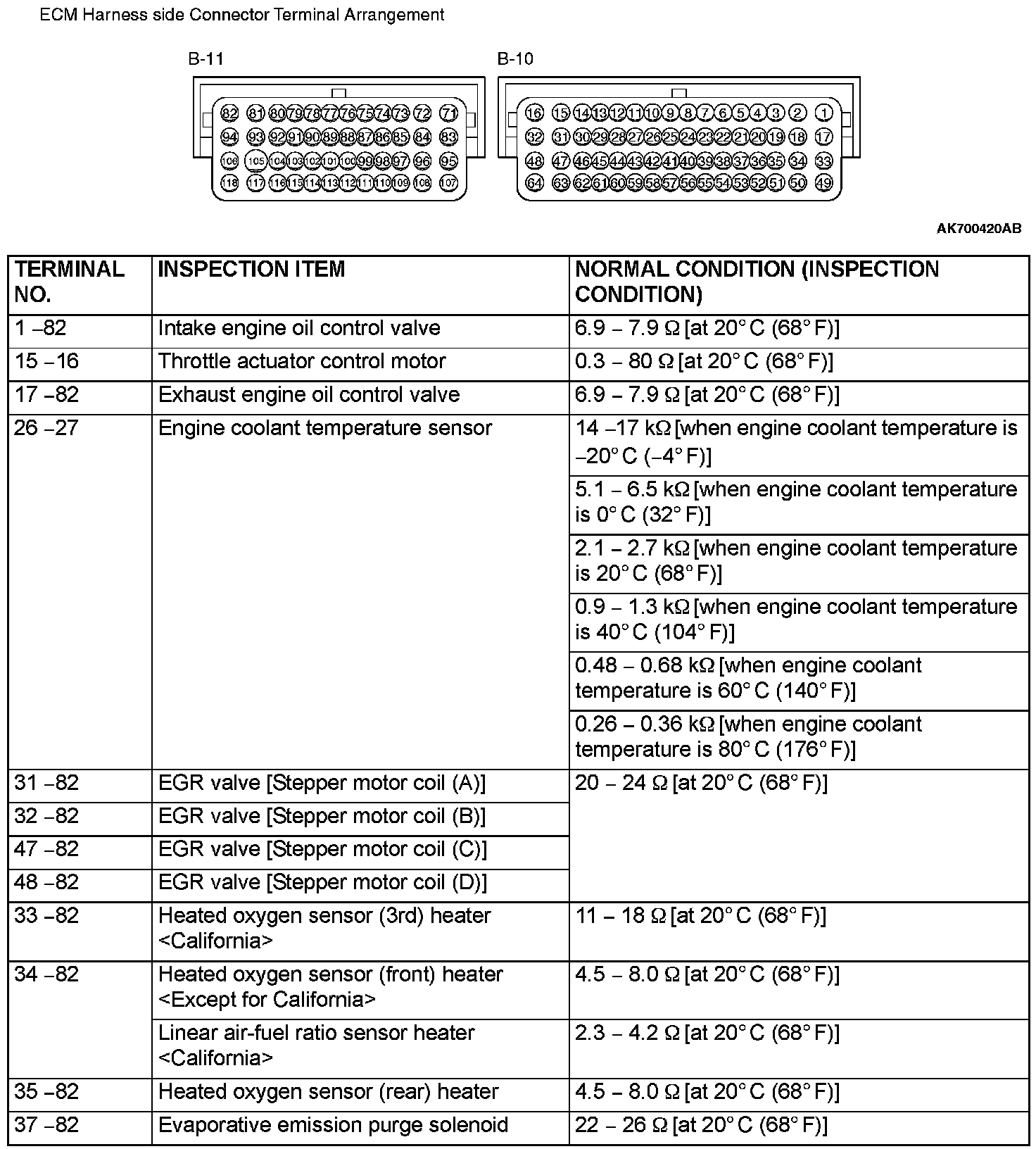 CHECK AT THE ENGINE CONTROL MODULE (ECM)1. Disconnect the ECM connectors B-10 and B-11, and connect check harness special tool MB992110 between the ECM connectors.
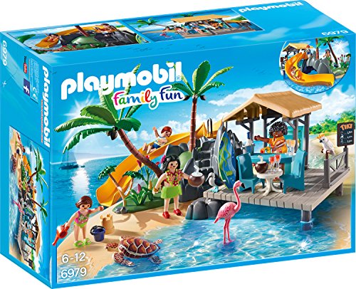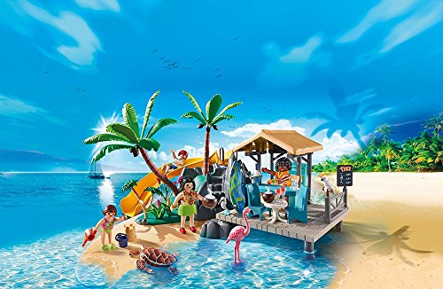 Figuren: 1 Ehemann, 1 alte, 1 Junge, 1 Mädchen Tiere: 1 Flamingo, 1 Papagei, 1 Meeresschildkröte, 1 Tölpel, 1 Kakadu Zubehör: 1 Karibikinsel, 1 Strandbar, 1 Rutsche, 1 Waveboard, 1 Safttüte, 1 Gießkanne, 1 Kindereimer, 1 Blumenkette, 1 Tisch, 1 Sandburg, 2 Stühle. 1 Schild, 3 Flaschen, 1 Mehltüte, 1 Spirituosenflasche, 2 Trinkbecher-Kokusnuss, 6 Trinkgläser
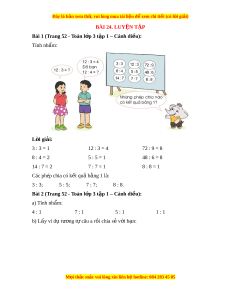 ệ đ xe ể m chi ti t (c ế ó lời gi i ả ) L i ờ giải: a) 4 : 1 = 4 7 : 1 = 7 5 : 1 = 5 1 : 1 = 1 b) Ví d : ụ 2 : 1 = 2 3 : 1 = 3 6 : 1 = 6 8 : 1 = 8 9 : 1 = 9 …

=====

◆ EXERCISE DESCRIPTION
Restate exactly, and only, the lines from the one that holds "Figuren: 1 Ehemann, 1" down to the last line of the material above. Omit the pictures.

◆ RESPONSE AREA
 Figuren: 1 Ehemann, 1 alte, 1 Junge, 1 Mädchen Tiere: 1 Flamingo, 1 Papagei, 1 Meeresschildkröte, 1 Tölpel, 1 Kakadu Zubehör: 1 Karibikinsel, 1 Strandbar, 1 Rutsche, 1 Waveboard, 1 Safttüte, 1 Gießkanne, 1 Kindereimer, 1 Blumenkette, 1 Tisch, 1 Sandburg, 2 Stühle. 1 Schild, 3 Flaschen, 1 Mehltüte, 1 Spirituosenflasche, 2 Trinkbecher-Kokusnuss, 6 Trinkgläser
 ệ đ xe ể m chi ti t (c ế ó lời gi i ả ) L i ờ giải: a) 4 : 1 = 4 7 : 1 = 7 5 : 1 = 5 1 : 1 = 1 b) Ví d : ụ 2 : 1 = 2 3 : 1 = 3 6 : 1 = 6 8 : 1 = 8 9 : 1 = 9 …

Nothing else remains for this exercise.